“I have Postnatal Depression”…words I never expected to hear myself say.
But 2 1/2 years after my baby was born that is my daily reality. I never knew what Postnatal Depression (PND) really was/is, and I certainly never expected to be ‘that mum’.
PND as an illness is like a dark, deep, black hole. It often feels like it comes with a stigma – who is to blame and should I feel shame? The answer is simple, no one is to blame and there should be no shame. No mum asks for PND and, as yet, there is no way to stop it occurring. Because of the stigma that can surround it, we often don’t talk much about it. For mums who struggle, it’s a lot to do with fear – what will people think about me, what will it say about me as a women and as a mum? For others, who don’t suffer, it might be because they are afraid to ask the wrong question or say the wrong thing. Either way, there has been too much silence around it, for far too long.

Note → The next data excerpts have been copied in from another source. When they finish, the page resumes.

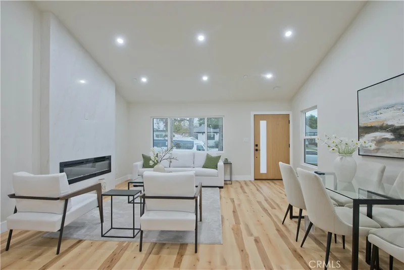 Discover a rare investment and lifestyle opportunity at 17905 & 17907 Bullock St in the highly sought after neighborhood of Encino Park. This thoughtfully upgraded dual-residence property offers exceptional flexibility—perfect for extended families, generating rental income, or living in one home while leasing the other. The main home has been completely remodeled and spans 1,753 square feet with 4 bedrooms and 3 bathrooms. Bright, open, and contemporary, the living room features soaring ceilings, luxury vinyl plank flooring, and a seamless open-concept design ideal for everyday living and entertaining. The chef’s kitchen is a standout, appointed with premium Thor stainless steel appliances, sleek quartz countertops with a waterfall-edge peninsula, a full-height quartz backsplash, walk-in pantry, and convenient pot filler. The living area centers around a striking quartz-framed electric fireplace, creating a warm yet modern focal point. The spacious primary suite serves as a private retreat, complete with a walk-in closet and spa-inspired bath showcasing a soaking tub and designer-tiled shower. Additional highlights include a junior suite, dedicated laundry room, tankless water heater, white stone accents, and a 1-car garage equipped with an EV charger. Built in 2025, the newly constructed ADU at 17907 Bullock St offers 752 square feet with 2 bedrooms and 2 bathrooms. Designed for privacy and efficiency, it features a separate entrance from Oxnard Street, carport parking, laundry hookups, fully electric systems, owned solar panels, and its own tankless water heater—making it an ideal turnkey rental or guest residence. Both homes benefit from extensive upgrades, including new PEX plumbing, a new sewer line, new roofing, central HVAC, fire sprinkler systems, double-pane windows, and LED recessed lighting throughout. Designer finishes elevate the exterior and interior alike, from floating vanities and heated anti-fog LED mirrors to smooth Santa Barbara stucco, modern fencing, and raised garden beds for your home grown vegetables. Conveniently located near Ventura Boulevard’s shops and dining, local parks, farmer's market, this move-in-ready Encino property offers versatility, modern comfort, and long-term value.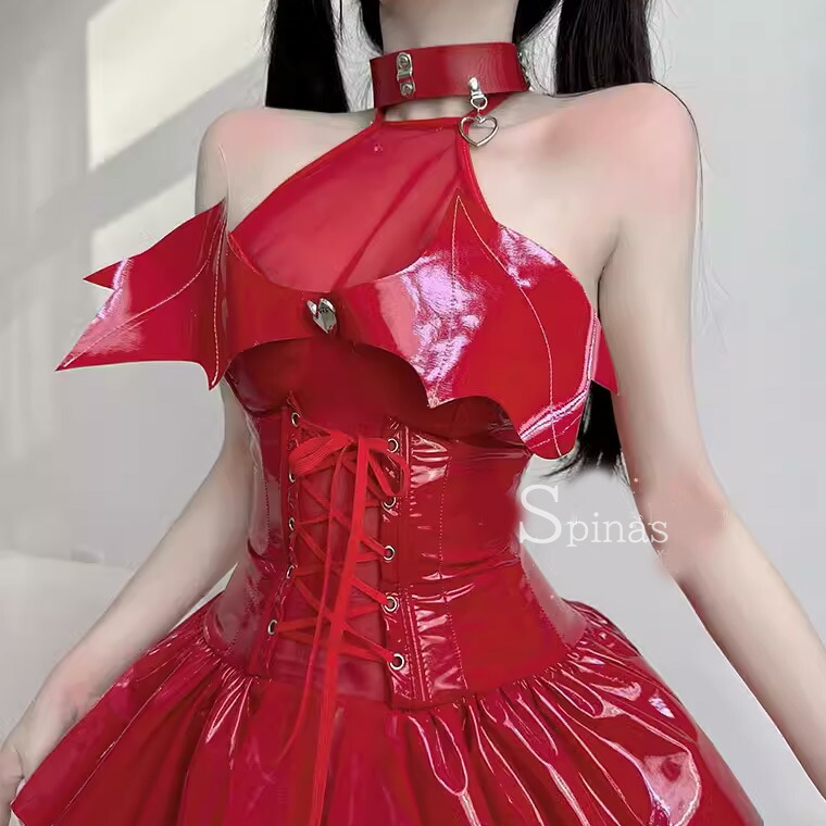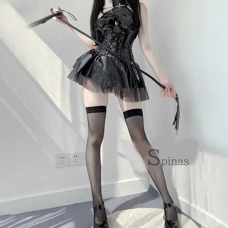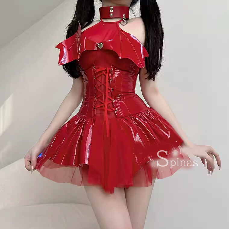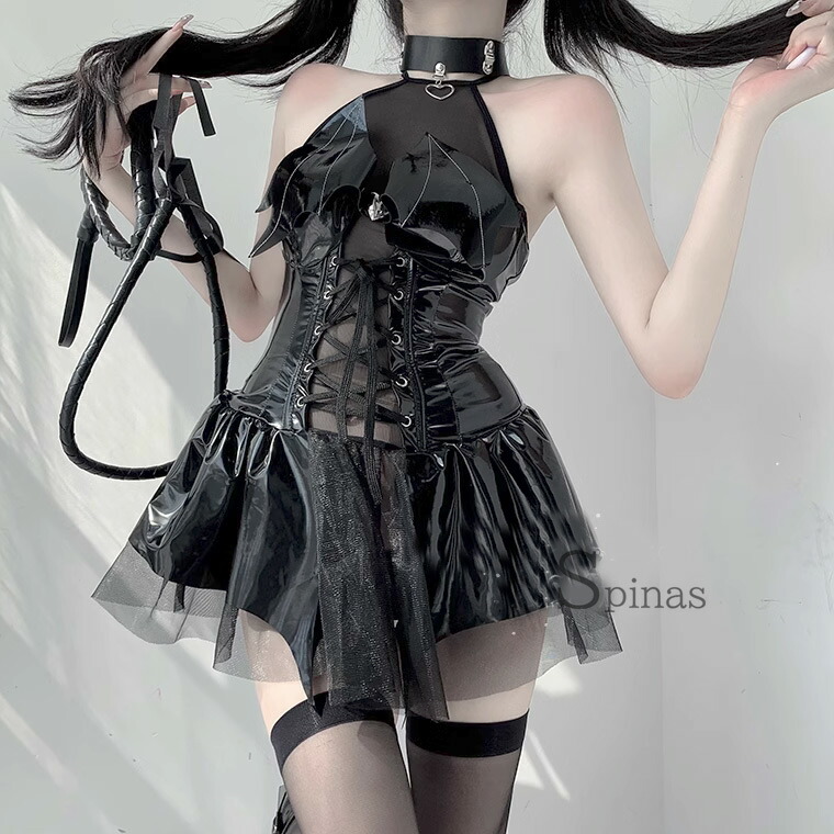 3点セット 可愛くセクシーな小悪魔 チョーカー ドレス Tバック エナメル ワンピース ボンテージ コスプレ アクマ 悪魔 羽つき 羽付 羽 レオタード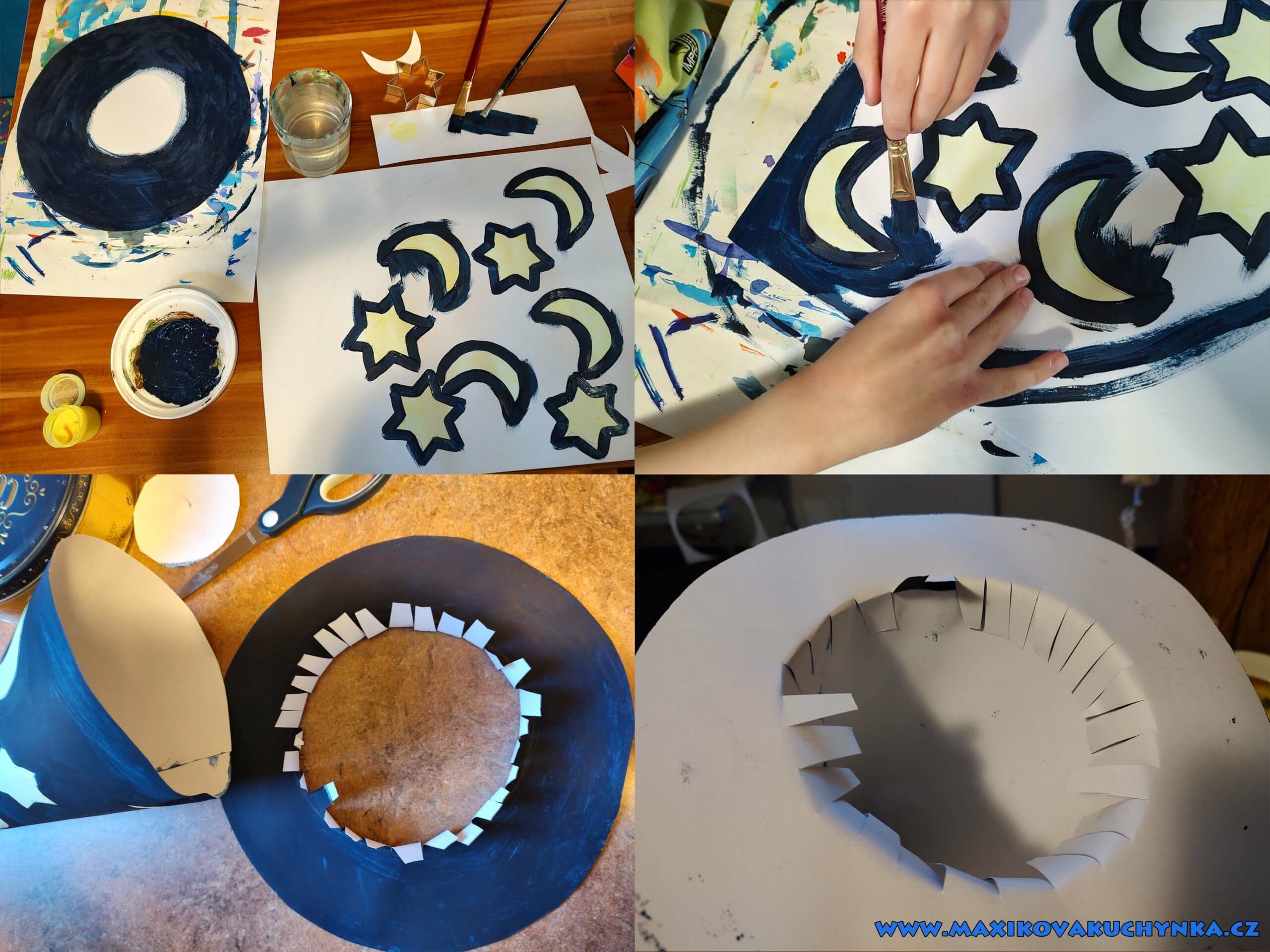 Na druhý výkres jsem obkreslila velkou poklici a vystřihla kolo, které mělo tvořit lem klobouku. Obě části Max vybarvil namíchanou modro-černou temperou.

When I was diagnosed, 6 months ago, I decided to play my part in helping to change that. I now run a blog called ‘Have you seen that girl…?’ which shares tales of life, motherhood and recovering from postnatal depression. During my two year journey to be diagnosed – yes it did take that long – I became very ill. Like many mums, who suffer, I found it hard to be heard by health professionals. When I did try, I was dismissed and in many ways told ‘to get on with it’. This sent me into a deep spiral of becoming mentally, emotionally and physically unwell, to the point I was ready to give up on life altogether. I begged to be ‘locked in a room’ and the key thrown away. My heart was broken into many pieces – this was not how I assumed motherhood would be. I was so ashamed of myself for feeling how I did and failing at my most defining role in life. I was exhausted trying to pretend to be ‘normal’, all the while dying inside, wanting to fall into the dark hole that beckoned me daily. I believed that I had ‘missed the mum’ gene, was internally flawed, and bound to feel this way forever. It turns out that was simply not true.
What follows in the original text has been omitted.